Bottom line–Don’t make black and white statements to a legal/medical thread in General Questions, especially if you are not a lawyer/doctor. Notice that all the lawyers in that thread give qualified responses. Not so, our NON-lawyer.
As to what I’ll do when Bricker starts pulling mechanical advice out of his ass, perhaps I’ll leave it to another Mod. 
It’s interesting, you know. Lawyers give qualified responses because we understand that while the law is what it is, our task is to analogize or distinguish the facts of our case from the others out there. It’s very Sesame Street – we play a lot of “one of these things is not like the others.” Me personally, I don’t give a rip if you claim to be an attorney or not when you respond to legal threads. What chaps my hide is precisely what Fear Itself did: make a wild guess, which s/he then tried to back up with anecdotal “evidence.” I didn’t post in that thread, because I find it so tiresome, but from a legal perspective, what Fear Itself assumed was that California law regarding non-competes is the same as every other state.
In reality, however, California has a statutory prohibition on non-competes, and its law is diametrically opposed to pretty much every other state’s on the issue. So you have someone who hasn’t actually looked at the law but has instead made some assumptions posting with authority.
Then the “SDMB Bar Association” gets lambasted because, to a (wo)man, we found Fear Itself’s response to be irresponsible and unsupportable.
I think the real problem is that people hear lawyers give qualified answers and assume as a consequence that the law isn’t certain. That’s not really true for the most part; the law is certain, but its application to specific facts can be less certain because usually there are a number of facts we simply don’t have or don’t know.
Anyway, samclem, I for one appreciate your vigilance regarding the legal threads. I don’t find you too heavy handed (sometimes not heavy handed enough
).
[QUOTE=The Flying Dutchman]
Jodi, I remember you way back as a girl who was fixated on the glans of a penis. i thought then your imagination got the better of you.
I don’t generally air my penile fixations, such as they are, on the Boards, but you remember me however you like.
A bookkeeper specifically? Not off the top of my head, so not without doing more legal research than I can justify doing. The point – which you seem to have missed – is that at the time FEAR ITSELF twice posted his indefensibly overbroad advice, he didn’t know she was a bookkeeper, so his advice was not supportable by the facts then known. Even now, even if I don’t have the inclination to exhaustively research New York law (and New York is not a jurisidiction in which I am licenses or have ever practiced), we still don’t know whether NUTTY BUNNY is looking at a legal issue or not. We do know, however, that “you have the right to take any job, anywhere, anytime” is not correct as a generalization (being totally dependent on what you do, where, and for whom), and may not be correct in this specific case.
Again, the point was not whether FI was ultimately right or ultimately wrong; the point was and is that when he was pontificating as if he knew what he was talking about, he couldn’t possibly have known what he was talking about.
I do not advocate that only lawyers should give legal opinions in threads that ask about law. I know there are many knowledgeable laypeople who are interested in the law, capable of research, and motivated by personal interest to look at and answer questions “the lawyers” may not have the time or inclination to look at. I also think as a general rule, you get what you pays for in the “free advice” area, and only a fool would take medical or legal advice from a Message Board.
That all being said, this is a forum dedicated to fighting ignorance, and people do post with the hope that the opinions and advice they get will be helpful and correct. So if any of us see anyone pulling advice straight out of their ass, I think we should call that person on it. IMO, at the end of the day, it doesn’t have as much to do with the law specifically as it does with not allowing people who don’t know what they’re talking about to post as if they do. And by “allow,” I don’t mean there is some official sanction or extra moderating going on; I mean if you post crap, you should expect other people to take strong exception.

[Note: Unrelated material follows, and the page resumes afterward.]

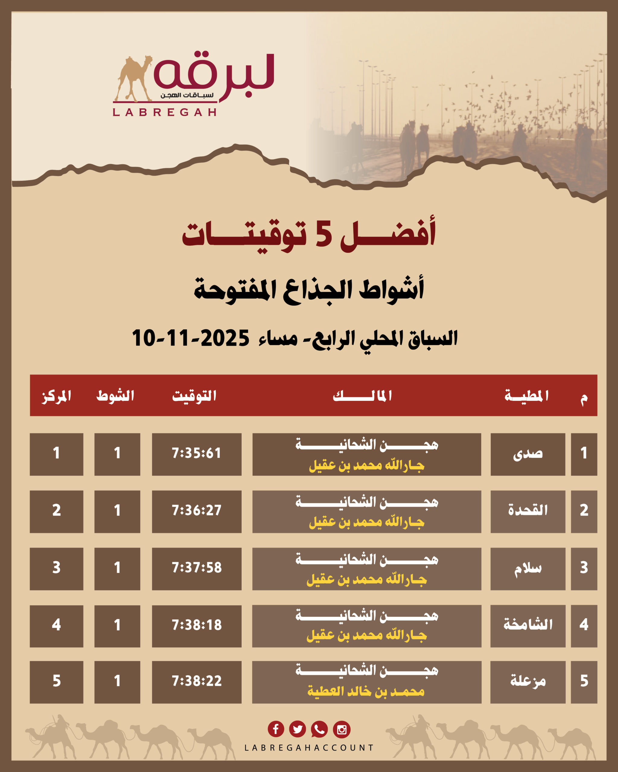 | بكار مفتوح | 3 | سلام | هجن الشحانية | جارالله محمد بن عقيل | 7:37:58 |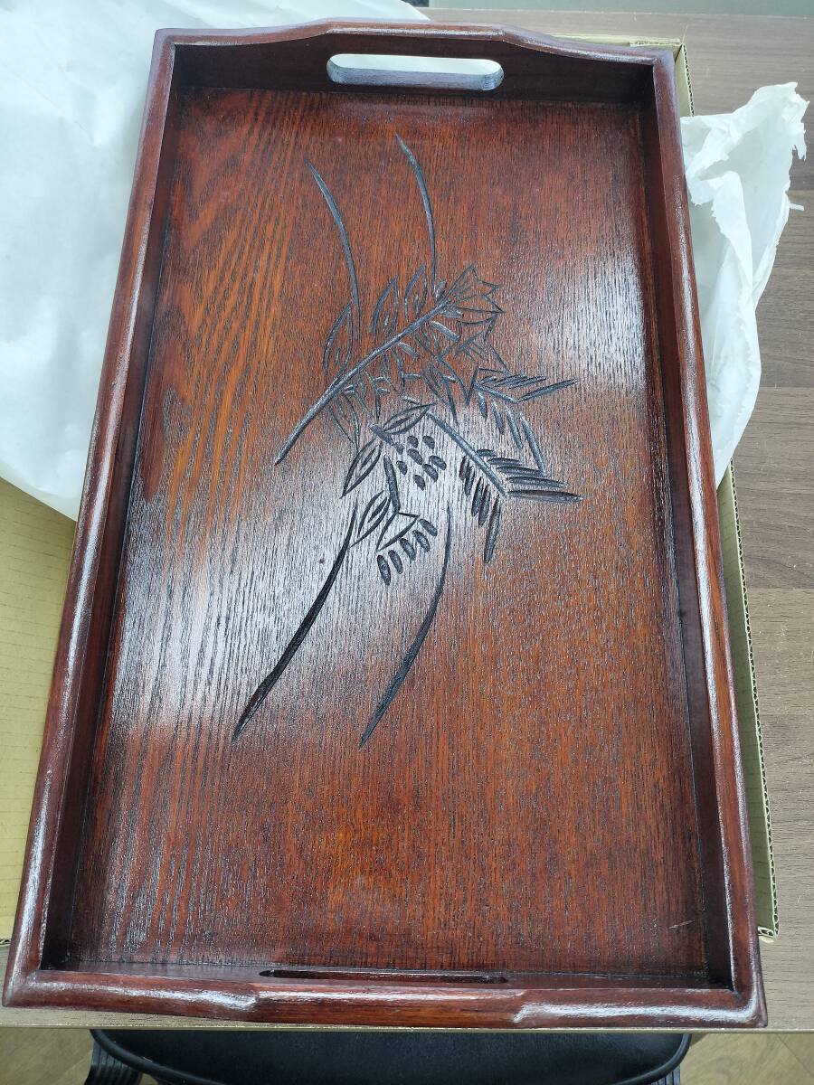 | 未使用 昭和 レトロ お盆 漆器 大きな四角盆 持ち手付き トレー業務用 | |||

http://www.leginfo.ca.gov/cgi-bin/waisgate?WAISdocID=6431251519+1+0+0&WAISaction=retrieve
"6002.1. (a) A member of the State Bar shall maintain all of the
following on the official membership records of the State Bar:
(1) The member’s current office address and telephone number or,
if no office is maintained, the address to be used for State Bar
purposes or purposes of the agency charged with attorney discipline.
(2) All specialties in which the member is certified.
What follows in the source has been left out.